Task to complete
Word for word, set down the lines from the one that contains "Andy Rahmansyah, S.I.K." through the final line of the data; no pictures belong in the copy.

-- Recorded data follows --

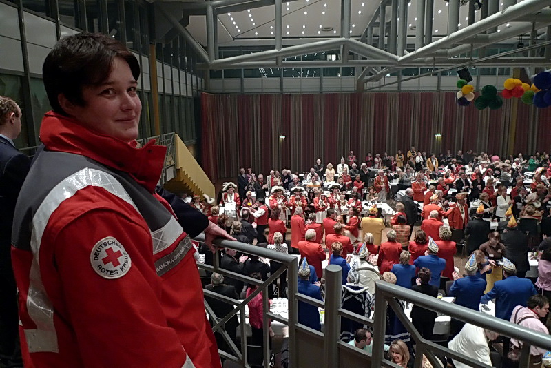 Das Rote Kreuz der Kernstadt ist natürlich auch bei dieser und anderen Veranstaltungen dieser Art immer dabei, um gemeinsam mit den Kameraden des Löschzuges Zentrum der Kreisstadt-Feuerwehr die Sicherheit der Besucher zu gewährleisten. Zum Glück blieb es bei zwei kleineren Behandlungen. Stephan Schmitz, Leiter vom Dienst bei diesem Rotkreuz-Einsatz, sagte am Schluss: "Wir wünschen Prinz Otto und seinen Jecken eine wunderschöne Session!"
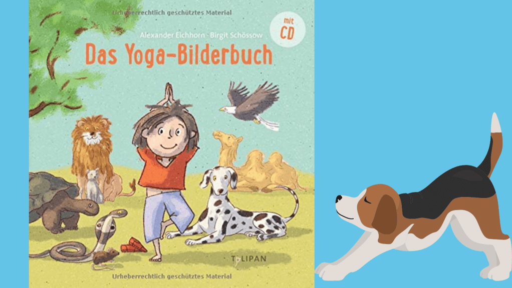 Und wer doch lieber ein Bilderbuch für etwas ältere Kinder haben möchte, dem kann ich sehr Das Yoga-Bilderbuch ans Herz legen. Zu Beginn gibt es hier ein informatives Vorwort für Eltern, Erziehungsberechtige und Pädagog*innen. Hier erfahren wir ein bisschen was über die Vorteile von Yoga, über den Aufbau des Bilderbuches und die empfohlene Durchführung der Übungen. Im Bilderbuch selbst ist dann kaum Text – pro Doppelseite wird eine Übung vorgestellt und benannt (sowohl mit dem deutschen Begriff als auch mit der offiziellen indischen Bezeichnung): Kobra – Bhujangasana. Wir begleiten ein Kind (geschlechtsneutral dargestellt) auf seiner*ihrer Reise durch die Welt des Yogas. Dabei trifft es Tiere oder Pflanzen, die das Kind zu einer gewissen Yoga-Übung inspirieren: Hundeposition, Katzenbuckel, Baum-Pose usw. Die Übungen selbst werden nicht erklärt, da die Bilder bereits sehr aussagekräftig sind. Beim Adler etwa hätte ich mir allerdings doch eine etwas detailliertere Darstellung gewünscht (etwa von der Seite und von vorne). Die Übungen werden korrekt dargestellt, wobei auch auf die richtige Stellung des Kopfes geachtet wird. Einzig die Baum-Übung wird nicht ganz korrekt dargestellt. Hier soll der Fuß nämlich nicht am Knie anliegen, sondern oberhalb oder unterhalb des Knies. Auch hätte ich mir bei dieser Übung Varianten der Armhaltung gewünscht (z.B. Hände vor der Brust). Ganz hinten im Buch gibt es zu jeder Übung noch einen kleinen Guide, wann / zu welchem Zweck diese am Besten durchgeführt werden können (z.B. wenn man müde ist oder um die Schultern zu kräftigen). Sehr ansprechend finde ich auch die Illustrationen in dezenten Farben mit den vielen Tieren. Außerdem gibt es eine Begleit-CD zur musikalisch untermalten Begleitung der Übungen – mit oder ohne gesprochene Anleitung.
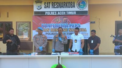 “Tersangka mengaku mengedarkan sabu sesuai arahan PT dan saat ini kami masih mendalami dengan melakukan lidik mengenai keberadaan PT. Akibat perbuatannya itu tersangka dikenakan pasal 114 ayat (2) subsider pasal 112 ayat (2) UU RI No. 35 tahun 2009 tentang Narkotika,” Terang Kapolres Aceh Timur AKBP Andy Rahmansyah, S.I.K.
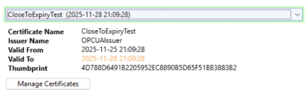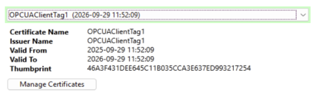 Several tabs in the OPC UA Client Driver configuration possess a Certificate Droplist, a Certificate Summary and a button that opens a 'Manage Certificates' window. It is important that you understand this tool before proceeding with configuration of the client driver. In particular, take time to review the information in the topic Certificate Name Description.

-- Recorded data concluded --

Written solution
 “Tersangka mengaku mengedarkan sabu sesuai arahan PT dan saat ini kami masih mendalami dengan melakukan lidik mengenai keberadaan PT. Akibat perbuatannya itu tersangka dikenakan pasal 114 ayat (2) subsider pasal 112 ayat (2) UU RI No. 35 tahun 2009 tentang Narkotika,” Terang Kapolres Aceh Timur AKBP Andy Rahmansyah, S.I.K.
 Several tabs in the OPC UA Client Driver configuration possess a Certificate Droplist, a Certificate Summary and a button that opens a 'Manage Certificates' window. It is important that you understand this tool before proceeding with configuration of the client driver. In particular, take time to review the information in the topic Certificate Name Description.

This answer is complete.